■ ACTION ITEM ■
Where the string "living" shows up in a line of the records, copy that line.

■ PROVIDED DATA ■
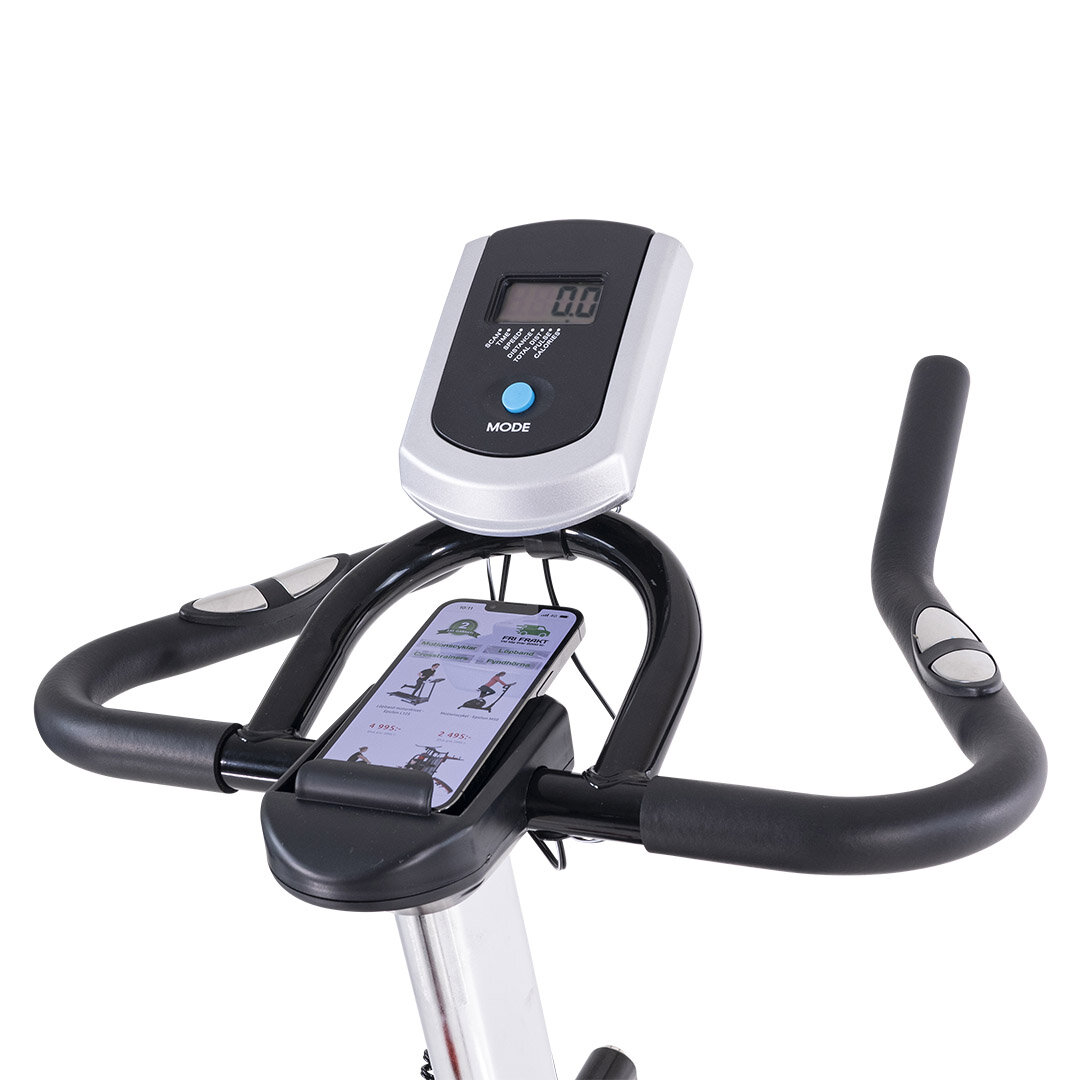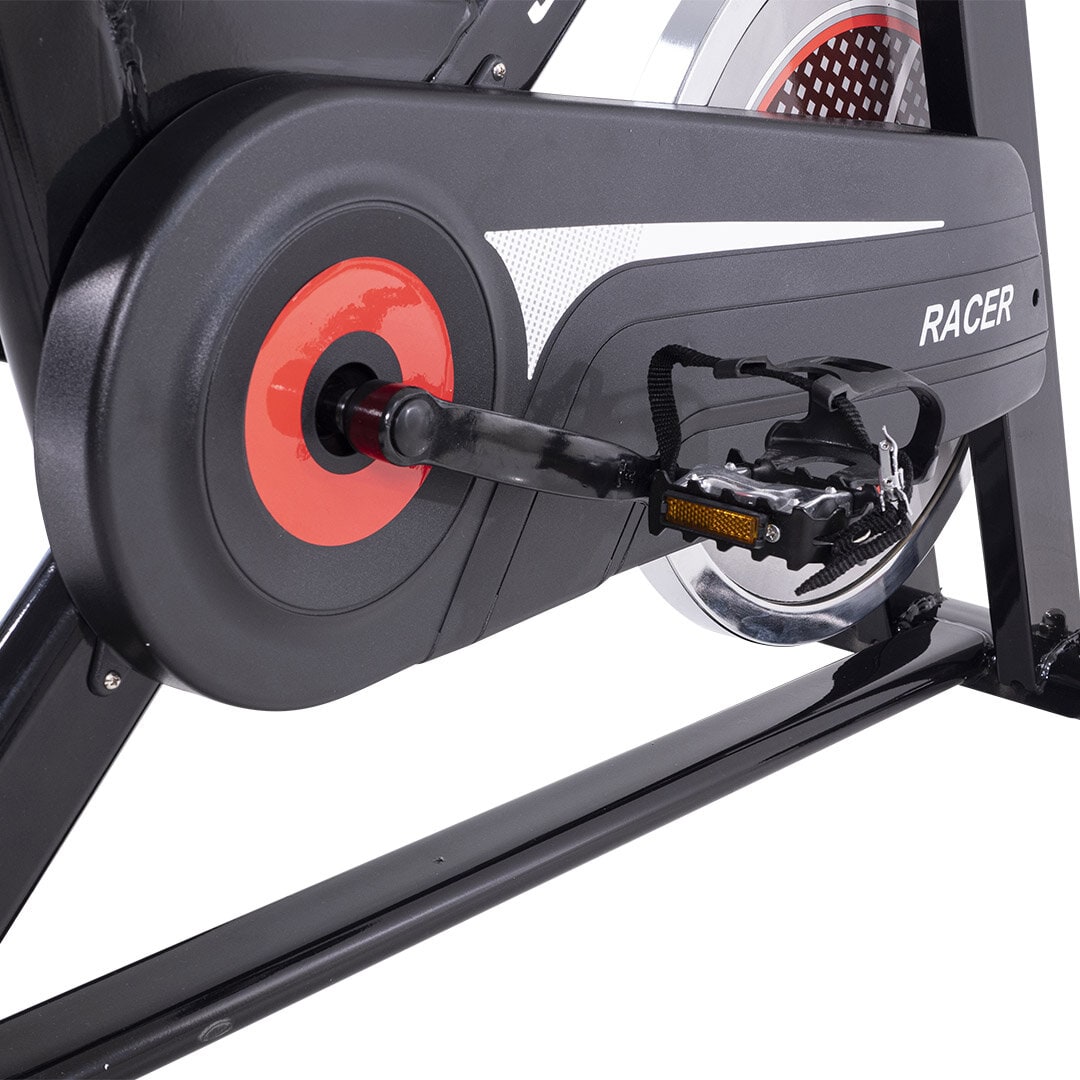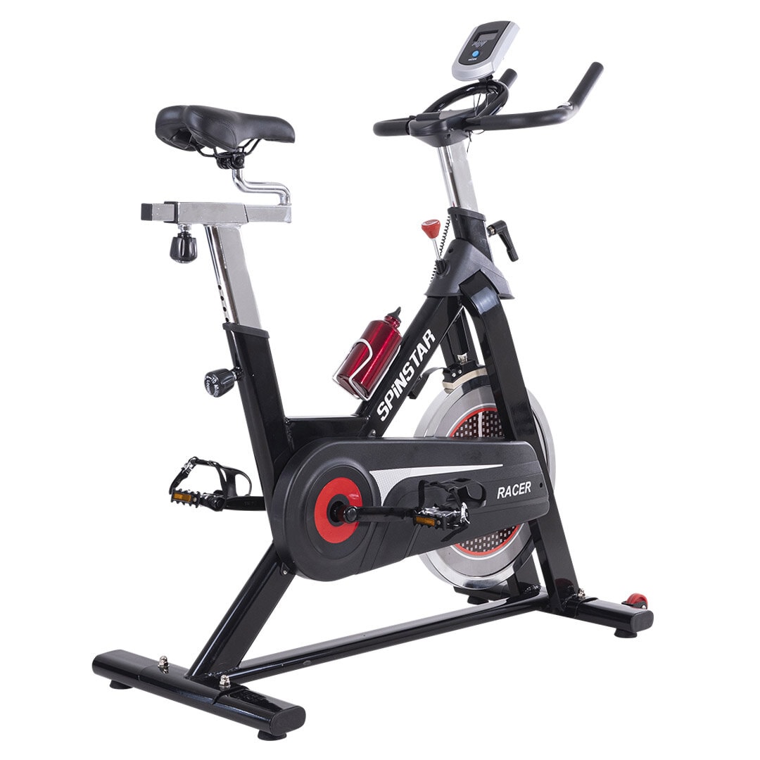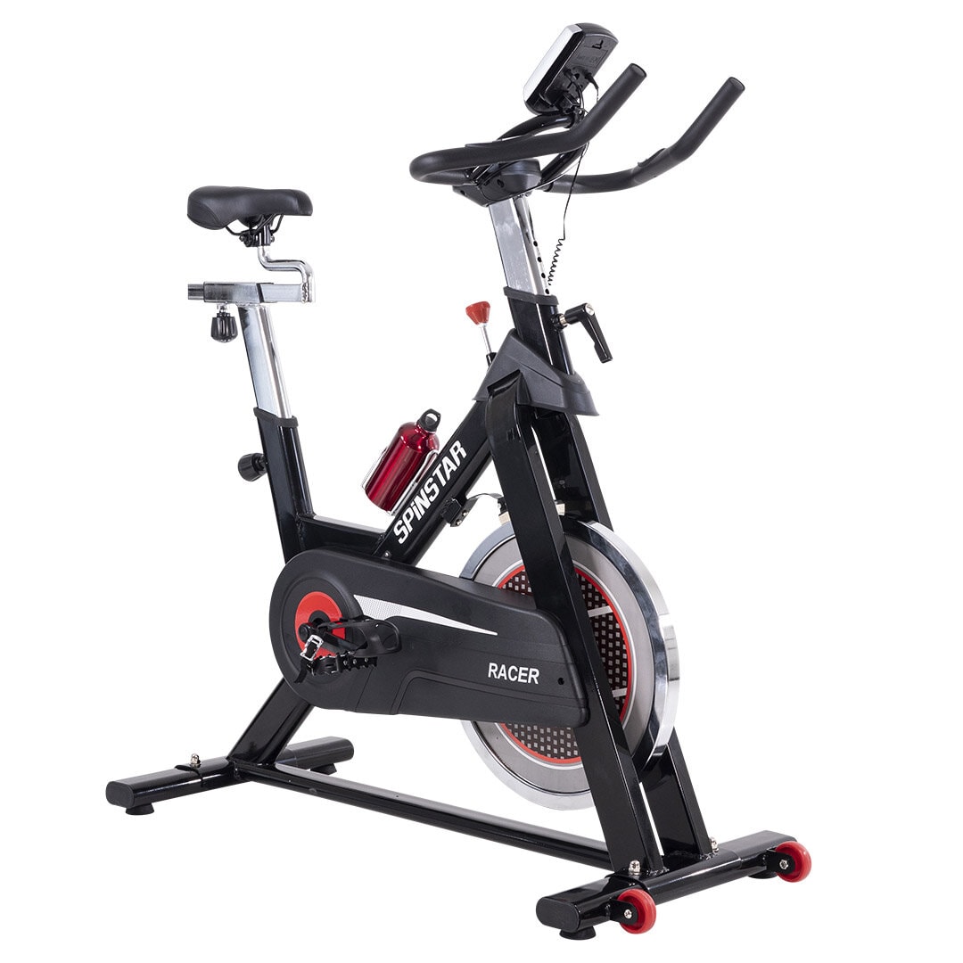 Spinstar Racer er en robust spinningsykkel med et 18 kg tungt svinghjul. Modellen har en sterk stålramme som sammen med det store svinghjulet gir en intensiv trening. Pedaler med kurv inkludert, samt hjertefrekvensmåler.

--

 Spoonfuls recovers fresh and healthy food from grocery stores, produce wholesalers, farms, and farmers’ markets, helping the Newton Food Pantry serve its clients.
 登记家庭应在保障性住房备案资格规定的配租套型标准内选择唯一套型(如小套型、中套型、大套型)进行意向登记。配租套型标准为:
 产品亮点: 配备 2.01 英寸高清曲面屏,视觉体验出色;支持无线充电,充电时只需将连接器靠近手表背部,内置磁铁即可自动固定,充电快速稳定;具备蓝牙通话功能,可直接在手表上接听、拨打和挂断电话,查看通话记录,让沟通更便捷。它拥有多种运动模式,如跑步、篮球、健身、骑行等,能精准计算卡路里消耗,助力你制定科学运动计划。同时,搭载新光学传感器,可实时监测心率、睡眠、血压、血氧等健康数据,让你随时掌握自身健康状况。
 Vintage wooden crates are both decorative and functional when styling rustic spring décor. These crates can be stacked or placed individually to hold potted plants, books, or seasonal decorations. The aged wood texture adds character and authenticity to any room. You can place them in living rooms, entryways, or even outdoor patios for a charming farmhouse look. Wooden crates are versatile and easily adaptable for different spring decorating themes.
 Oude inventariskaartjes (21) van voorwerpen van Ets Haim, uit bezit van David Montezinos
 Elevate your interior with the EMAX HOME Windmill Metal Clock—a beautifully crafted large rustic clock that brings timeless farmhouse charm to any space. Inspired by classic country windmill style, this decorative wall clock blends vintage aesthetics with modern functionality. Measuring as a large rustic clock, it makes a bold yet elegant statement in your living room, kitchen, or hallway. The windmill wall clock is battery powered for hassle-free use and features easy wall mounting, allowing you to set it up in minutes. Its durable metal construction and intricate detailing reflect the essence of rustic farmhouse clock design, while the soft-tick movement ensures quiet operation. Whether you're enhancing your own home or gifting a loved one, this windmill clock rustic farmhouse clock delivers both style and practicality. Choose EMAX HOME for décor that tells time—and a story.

--

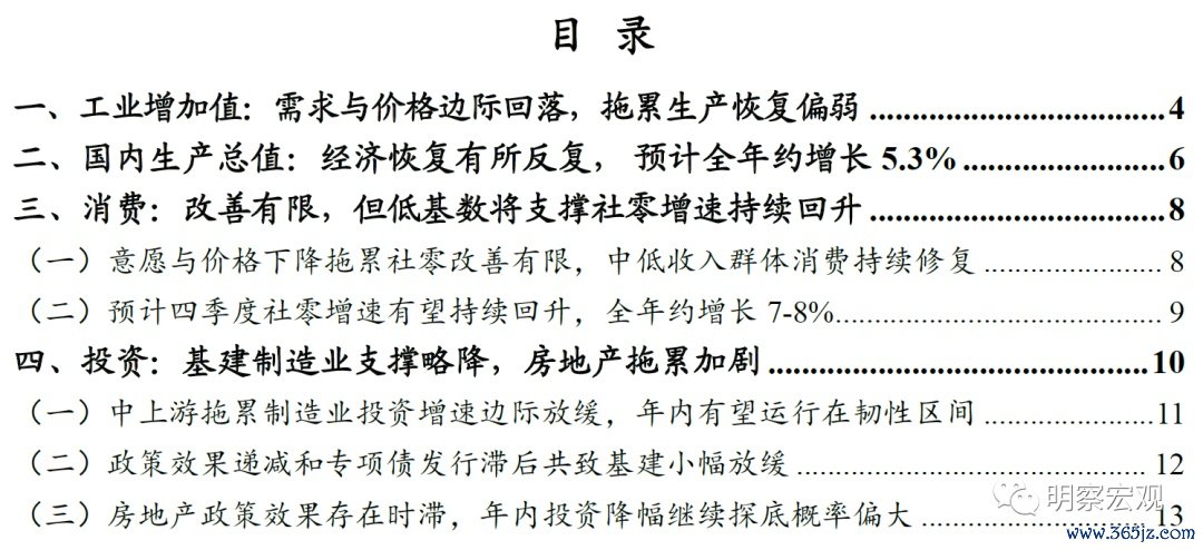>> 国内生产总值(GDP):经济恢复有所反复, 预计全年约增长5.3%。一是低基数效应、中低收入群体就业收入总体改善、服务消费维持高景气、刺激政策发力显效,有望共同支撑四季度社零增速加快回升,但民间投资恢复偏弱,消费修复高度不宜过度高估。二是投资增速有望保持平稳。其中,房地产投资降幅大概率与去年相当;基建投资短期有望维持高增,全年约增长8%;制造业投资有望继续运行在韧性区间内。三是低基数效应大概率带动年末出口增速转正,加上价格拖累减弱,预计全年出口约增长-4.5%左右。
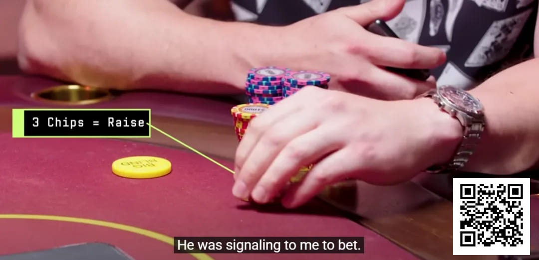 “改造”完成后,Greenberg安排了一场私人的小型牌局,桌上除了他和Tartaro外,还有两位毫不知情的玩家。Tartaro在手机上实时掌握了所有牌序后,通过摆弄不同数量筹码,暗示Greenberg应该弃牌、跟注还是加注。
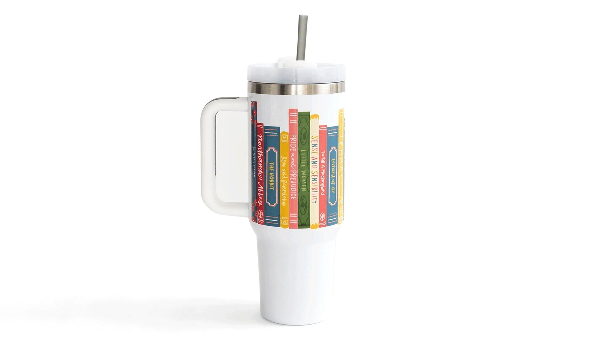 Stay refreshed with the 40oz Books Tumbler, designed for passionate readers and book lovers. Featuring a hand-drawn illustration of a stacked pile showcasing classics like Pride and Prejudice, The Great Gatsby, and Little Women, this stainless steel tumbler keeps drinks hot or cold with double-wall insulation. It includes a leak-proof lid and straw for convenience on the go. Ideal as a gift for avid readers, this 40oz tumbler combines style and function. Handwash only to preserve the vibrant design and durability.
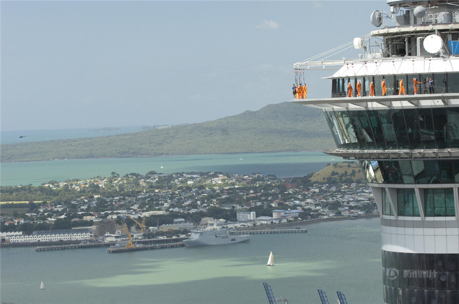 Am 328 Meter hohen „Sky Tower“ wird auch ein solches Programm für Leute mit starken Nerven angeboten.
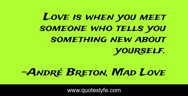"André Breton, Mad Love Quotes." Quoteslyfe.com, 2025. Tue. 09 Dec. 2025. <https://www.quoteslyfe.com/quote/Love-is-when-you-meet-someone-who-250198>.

■ ANSWER TO THIS EXERCISE ■
 Vintage wooden crates are both decorative and functional when styling rustic spring décor. These crates can be stacked or placed individually to hold potted plants, books, or seasonal decorations. The aged wood texture adds character and authenticity to any room. You can place them in living rooms, entryways, or even outdoor patios for a charming farmhouse look. Wooden crates are versatile and easily adaptable for different spring decorating themes.
 Elevate your interior with the EMAX HOME Windmill Metal Clock—a beautifully crafted large rustic clock that brings timeless farmhouse charm to any space. Inspired by classic country windmill style, this decorative wall clock blends vintage aesthetics with modern functionality. Measuring as a large rustic clock, it makes a bold yet elegant statement in your living room, kitchen, or hallway. The windmill wall clock is battery powered for hassle-free use and features easy wall mounting, allowing you to set it up in minutes. Its durable metal construction and intricate detailing reflect the essence of rustic farmhouse clock design, while the soft-tick movement ensures quiet operation. Whether you're enhancing your own home or gifting a loved one, this windmill clock rustic farmhouse clock delivers both style and practicality. Choose EMAX HOME for décor that tells time—and a story.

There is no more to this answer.